Course Overview

Instructor
Nancy Kaplan, Professor
School of Information Arts and Technologies
102 Charles Royal, 410.837.5319
nkaplan@ubalt.edu
iat.ubalt.edu/kaplan
Office hours: Wednesdays 5:00 - 8:00 and by appointment


Description and Objectives
This course surveys important developments, implications, and problems in the development of modern information technologies, emphasizing their relevance to the Internet and other current contexts. Students are expected to become conversant with the technical and intellectual roots of technological development and at the same time to understand important social issues in which that development is implicated. Beginning with the transition from orality to literacy and moving through the emergence of print, the course situates innovation in larger narratives of cultural change and historical process, continuing into the post-Cold-War expansion. Instructors will focus on various relevant themes that may include electronic democracy, the digital divide, globalization and post-nationalism, identity and security issues, and the social implications of "mass" versus "hyper" media.


By the end of this course, students will have a broad understanding of a variety of theoretical and disciplinary approaches to the subject of culture in the age of digital communications technologies. They will have applied a research method to one information technology-supported cultural practice and investigated the intersection between human practices and information technologies' affordances.


Required Texts
Howard, Phillip N. and Steve Jones, Eds.
Society Online. Sage, 2004.
ISBN: 0761927085


Jones, Steve, Ed.
Doing Internet Research. Sage, 1999.
ISBN: 0761915958


McCaughey, Martha and Michael Ayers, Eds.
Cyberactivism. Routledge, 2003.
ISBN: 0415943205


Watts, Duncan.
Six Degrees. WW Norton, 2003.
ISBN: 0393041425


Wellman, Barry and Haythornthwaite, Caroline (eds).
The Internet in Everyday Life. Blackwell Publishing, 2002.
ISBN: 0631235086


Plus handouts and on-line assignments listed on the syllabus.

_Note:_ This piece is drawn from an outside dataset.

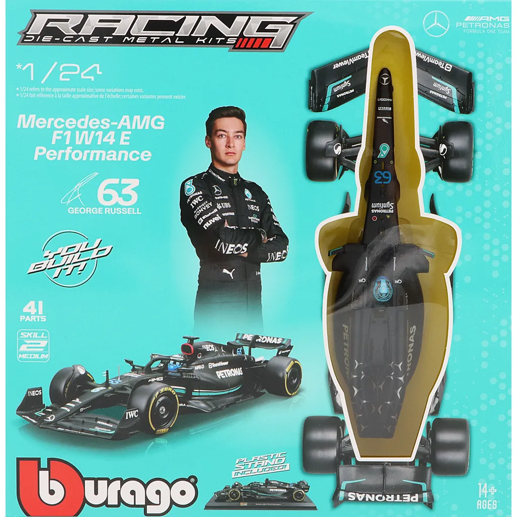 Mercedes-AMG F1 W14 E Performance #63 (George Russell) F1-bil som sæt med 44 dele fra Bburago i skala 1:24 (ca. 24 cm).
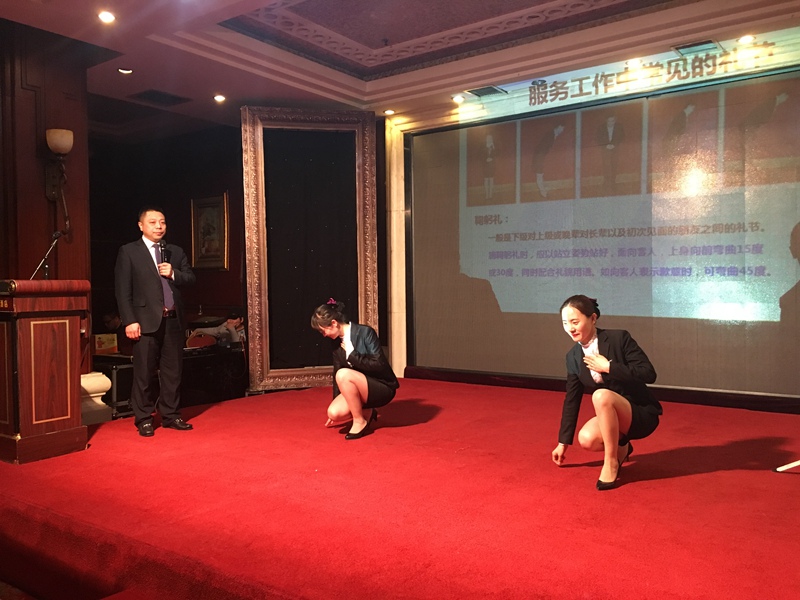 为了增强窗口单位的服务意识和服务水平,提升中天集团的整体品牌价值,3月17日下午14:00-17:00,集团组织在万豪酒店一楼宴会厅举行大型商务礼仪培训活动。本次培训由集团综合部副经理田彧主持,万豪酒店总经理冯国主讲,营口地区窗口单位相关人员共70余人参与学习。

Assignments and Grading Scheme
short paper September 30 20%
research question October 14 05%
research design October 28 15%
research report December 16 50%
participation 10%


Additional Policies
A statement of general academic policies appears on my Web site. That statement is an extension of this document. See http://iat.ubalt.edu/kaplan/policies.htm.

Please also read the University's policies in the Student Handbook.